=== Supplied records ===

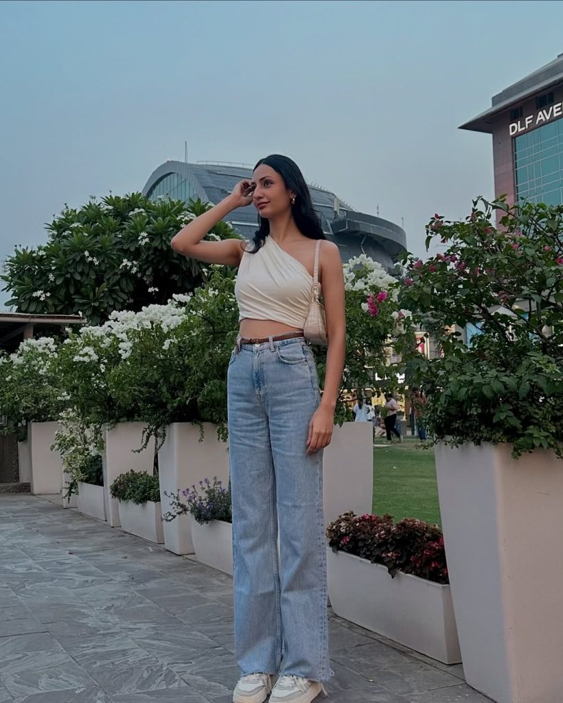 A sleek asymmetrical top paired with denim creates a modern, balanced outfit with a subtle edge.
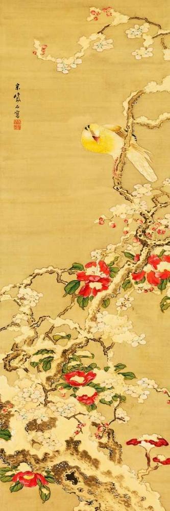 Bird among Camellias in Snow White Modern Wood Framed Art Print with Double Matting by Anonymous
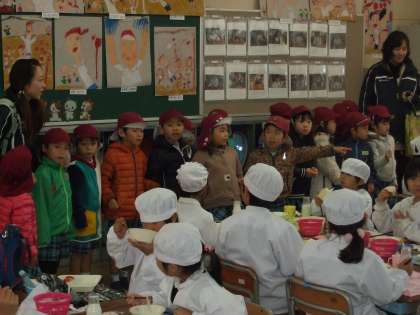 給食時間には、1年生のお兄さん・お姉さんのクラスを見学しました。
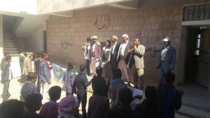 أقام مجمع الوحدة بحمير بمديرية ضوران، صباح اليوم، وقفة احتجاجية ضد العدوان الغاشم واستهدافه للعملية التعليمية والتربوية واستنكارا للموقف المخزي والمخجل من قبل حكومة العملاء والفار هادي ورفض التطبيع مع الكيان الصهيوني الغاصب للارض العربية في فلسطين المحتلة.
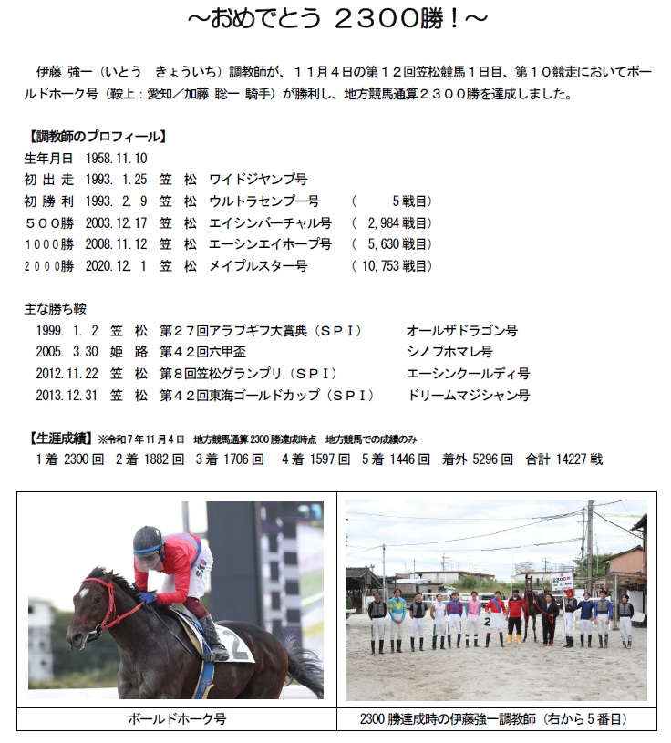 伊藤強一 調教師地方競馬通算2300勝のお知らせ

===

_To do_
Print the listing exactly, minus its pictures.

_Result of this task_
 A sleek asymmetrical top paired with denim creates a modern, balanced outfit with a subtle edge.
 Bird among Camellias in Snow White Modern Wood Framed Art Print with Double Matting by Anonymous
 給食時間には、1年生のお兄さん・お姉さんのクラスを見学しました。
 أقام مجمع الوحدة بحمير بمديرية ضوران، صباح اليوم، وقفة احتجاجية ضد العدوان الغاشم واستهدافه للعملية التعليمية والتربوية واستنكارا للموقف المخزي والمخجل من قبل حكومة العملاء والفار هادي ورفض التطبيع مع الكيان الصهيوني الغاصب للارض العربية في فلسطين المحتلة.
 伊藤強一 調教師地方競馬通算2300勝のお知らせ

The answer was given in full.